DMK dramatics with eye to polls
The DMK’s sheer brazenness in announcing its pullout from the ruling coalition at the Centre takes one’s breath away. The decision that was made public on Tuesday is noteworthy for its opportunism as it leaves the door open for the Dravidian party’s return to UPA-2 if the Manmohan Singh government — in the next two days — brings a resolution before Parliament condemning Sri Lanka on the question of human rights abuses against its Tamil population after the military defeat of the LTTE.
The DMK believes, mistakenly, that it alone has backed the legitimate grievances of Sri Lankan Tamils. This is both false and sanctimonious. Other parties in Tamil Nadu have done exactly that. No less important, the key concern in the Government of India’s diplomacy towards Sri Lanka in the last 25 years has been the Tamil question in that country. Thus, the false narrative sought to be woven by the DMK that, in India, it should be seen as the fountainhead of support to Sri Lankan Tamils is hypocritical.
DMK supremo M. Karunanidhi turned away three senior Union Cabinet ministers who had gone to reason with him on the stand he has taken on the Sri Lanka Tamil issue.
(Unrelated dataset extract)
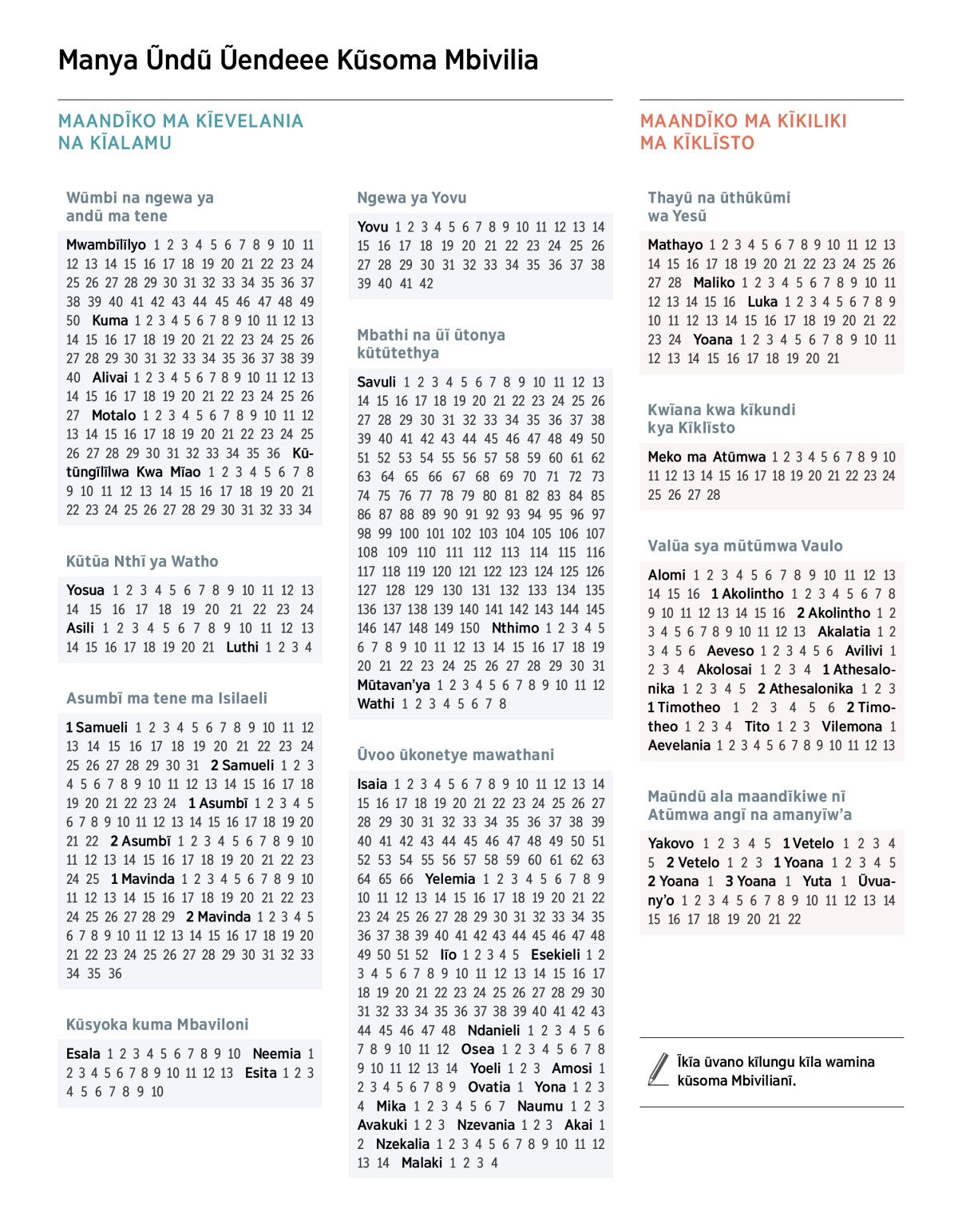 Manya Ũndũ Ũendeee Kũsoma Mbivilia Yĩla yĩ na Movano Wũmbi na ngewa ya andũ ma tene Kũtũa Nthĩ ya Watho Asumbĩ ma tene ma Isilaeli Kũsyoka kuma Mbaviloni Ngewa ya Yovu Mbathi na ũĩ ũtonya kũtũtethya Ũvoo ũkonetye mawathani Thayũ na ũthũkũmi wa Yesũ Kwĩana kwa kĩkundi kya Kĩklĩsto Valũa sya mũtũmwa Vaulo Maũndũ ala maandĩkiwe nĩ Atũmwa angĩ na amanyĩwʼa Ĩkĩa ũvano kĩlungu kĩla wamina kũsoma Mbivilianĩ. MAANDĨKO MA KĨEVELANIA NA KĨALAMU Wũmbi na ngewa ya andũ ma tene Mwambĩlĩlyo 1 2 3 4 5 6 7 8 9 10 11 12 13 14 15 16 17 18 19 20 21 22 23 24 25 26 27 28 29 30 31 32 33 34 35 36 37 38 39 40 41 42 43 44 45 46 47 48 49 50 Kuma 1 2 3 4 5 6 7 8 9 10 11 12 13 14 15 16 17 18 19 20 21 22 23 24 25 26 27 28 29 30 31 32 33 34 35 36 37 38 39 40 Alivai 1 2 3 4 5 6 7 8 9 10 11 12 13 14 15 16 17 18 19 20 21 22 23 24 25 26 27 Motalo 1 2 3 4 5 6 7 8 9 10 11 12 13 14 15 16 17 18 19 20 21 22 23 24 25 26 27 28 29 30 31 32 33 34 35 36 Kũtũngĩlĩlwa Kwa Mĩao 1 2 3 4 5 6 7 8 9 10 11 12 13 14 15 16 17 18 19 20 21 22 23 24 25 26 27 28 29 30 31 32 33 34 Kũtũa Nthĩ ya Watho Yosua 1 2 3 4 5 6 7 8 9 10 11 12 13 14 15 16 17 18 19 20 21 22 23 24 Asili 1 2 3 4 5 6 7 8 9 10 11 12 13 14 15 16 17 18 19 20 21 Luthi 1 2 3 4 Asumbĩ ma tene ma Isilaeli 1 Samueli 1 2 3 4 5 6 7 8 9 10 11 12 13 14 15 16 17 18 19 20 21 22 23 24 25 26 27 28 29 30 31 2 Samueli 1 2 3 4 5 6 7 8 9 10 11 12 13 14 15 16 17 18 19 20 21 22 23 24 1 Asumbĩ 1 2 3 4 5 6 7 8 9 10 11 12 13 14 15 16 17 18 19 20 21 22 2 Asumbĩ 1 2 3 4 5 6 7 8 9 10 11 12 13 14 15 16 17 18 19 20 21 22 23 24 25 1 Mavinda 1 2 3 4 5 6 7 8 9 10 11 12 13 14 15 16 17 18 19 20 21 22 23 24 25 26 27 28 29 2 Mavinda 1 2 3 4 5 6 7 8 9 10 11 12 13 14 15 16 17 18 19 20 21 22 23 24 25 26 27 28 29 30 31 32 33 34 35 36 Kũsyoka kuma Mbaviloni Esala 1 2 3 4 5 6 7 8 9 10 Neemia 1 2 3 4 5 6 7 8 9 10 11 12 13 Esita 1 2 3 4 5 6 7 8 9 10 Ngewa ya Yovu Yovu 1 2 3 4 5 6 7 8 9 10 11 12 13 14 15 16 17 18 19 20 21 22 23 24 25 26 27 28 29 30 31 32 33 34 35 36 37 38 39 40 41 42 Mbathi na ũĩ ũtonya kũtũtethya Savuli 1 2 3 4 5 6 7 8 9 10 11 12 13 14 15 16 17 18 19 20 21 22 23 24 25 26 27 28 29 30 31 32 33 34 35 36 37 38 39 40 41 42 43 44 45 46 47 48 49 50 51 52 53 54 55 56 57 58 59 60 61 62 63 64 65 66 67 68 69 70 71 72 73 74 75 76 77 78 79 80 81 82 83 84 85 86 87 88 89 90 91 92 93 94 95 96 97 98 99 100 101 102 103 104 105 106 107 108 109 110 111 112 113 114 115 116 117 118 119 120 121 122 123 124 125 126 127 128 129 130 131 132 133 134 135 136 137 138 139 140 141 142 143 144 145 146 147 148 149 150 Nthimo 1 2 3 4 5 6 7 8 9 10 11 12 13 14 15 16 17 18 19 20 21 22 23 24 25 26 27 28 29 30 31 Mũtavanʼya 1 2 3 4 5 6 7 8 9 10 11 12 Wathi 1 2 3 4 5 6 7 8 Ũvoo ũkonetye mawathani Isaia 1 2 3 4 5 6 7 8 9 10 11 12 13 14 15 16 17 18 19 20 21 22 23 24 25 26 27 28 29 30 31 32 33 34 35 36 37 38 39 40 41 42 43 44 45 46 47 48 49 50 51 52 53 54 55 56 57 58 59 60 61 62 63 64 65 66 Yelemia 1 2 3 4 5 6 7 8 9 10 11 12 13 14 15 16 17 18 19 20 21 22 23 24 25 26 27 28 29 30 31 32 33 34 35 36 37 38 39 40 41 42 43 44 45 46 47 48 49 50 51 52 Iĩo 1 2 3 4 5 Esekieli 1 2 3 4 5 6 7 8 9 10 11 12 13 14 15 16 17 18 19 20 21 22 23 24 25 26 27 28 29 30 31 32 33 34 35 36 37 38 39 40 41 42 43 44 45 46 47 48 Ndanieli 1 2 3 4 5 6 7 8 9 10 11 12 Osea 1 2 3 4 5 6 7 8 9 10 11 12 13 14 Yoeli 1 2 3 Amosi 1 2 3 4 5 6 7 8 9 Ovatia 1 Yona 1 2 3 4 Mika 1 2 3 4 5 6 7 Naumu 1 2 3 Avakuki 1 2 3 Nzevania 1 2 3 Akai 1 2 Nzekalia 1 2 3 4 5 6 7 8 9 10 11 12 13 14 Malaki 1 2 3 4 MAANDĨKO MA KĨKILIKI MA KĨKLĨSTO Thayũ na ũthũkũmi wa Yesũ Mathayo 1 2 3 4 5 6 7 8 9 10 11 12 13 14 15 16 17 18 19 20 21 22 23 24 25 26 27 28 Maliko 1 2 3 4 5 6 7 8 9 10 11 12 13 14 15 16 Luka 1 2 3 4 5 6 7 8 9 10 11 12 13 14 15 16 17 18 19 20 21 22 23 24 Yoana 1 2 3 4 5 6 7 8 9 10 11 12 13 14 15 16 17 18 19 20 21 Kwĩana kwa kĩkundi kya Kĩklĩsto Meko ma Atũmwa 1 2 3 4 5 6 7 8 9 10 11 12 13 14 15 16 17 18 19 20 21 22 23 24 25 26 27 28 Valũa sya mũtũmwa Vaulo Alomi 1 2 3 4 5 6 7 8 9 10 11 12 13 14 15 16 1 Akolintho 1 2 3 4 5 6 7 8 9 10 11 12 13 14 15 16 2 Akolintho 1 2 3 4 5 6 7 8 9 10 11 12 13 Akalatia 1 2 3 4 5 6 Aeveso 1 2 3 4 5 6 Avilivi 1 2 3 4 Akolosai 1 2 3 4 1 Thessalonians 1 2 3 4 5 2 Athesalonika 1 2 3 1 Timotheo 1 2 3 4 5 6 2 Timotheo 1 2 3 4 Tito 1 2 3 Vilemona 1 Aevelania 1 2 3 4 5 6 7 8 9 10 11 12 13 Maũndũ ala maandĩkiwe nĩ Atũmwa angĩ na amanyĩwʼa Yakovo 1 2 3 4 5 1 Vetelo 1 2 3 4 5 2 Vetelo 1 2 3 1 Yoana 1 2 3 4 5 2 Yoana 1 3 Yoana 1 Yuta 1 Ũvuanyʼo 1 2 3 4 5 6 7 8 9 10 11 12 13 14 15 16 17 18 19 20 21 22

Mr Karunanidhi desires that India should take the initiative at the forthcoming meeting of the UN Human Rights Council in Geneva to denounce Colombo for visiting “genocide” on its Tamil population, and to seek an independent international inquiry into alleged rights abuses of non-combatants after the defeat and death of LTTE chief Vellupillai Prabhakaran. The DMK leader wants the proposed resolution in Parliament should be infused with the same spirit.
In these columns we have always voiced the demand for a credible independent inquiry. But no objective observer can believe that “genocide” has been carried out in Jaffna by the Sri Lankan authorities. Even the most cursory visit to the northern parts of the island nation rules out such an inference. It is, indeed, noteworthy that the DMK did not raise the issue of “genocide” or an independent inquiry in the summer of 2009 after the LTTE’s defeat by Sri Lankan forces when atrocities on civilians are alleged to have taken place.
If such demands are being made now along with the decision to leave the UPA after nine years, it is clearly with an eye to the coming general election. Mr Karunanidhi clearly believes the Lanka Tamil issue is the only mobilising plank he may possess, and is doing his best to milk it. For now, it seems clear that the government is not falling even if the DMK departs.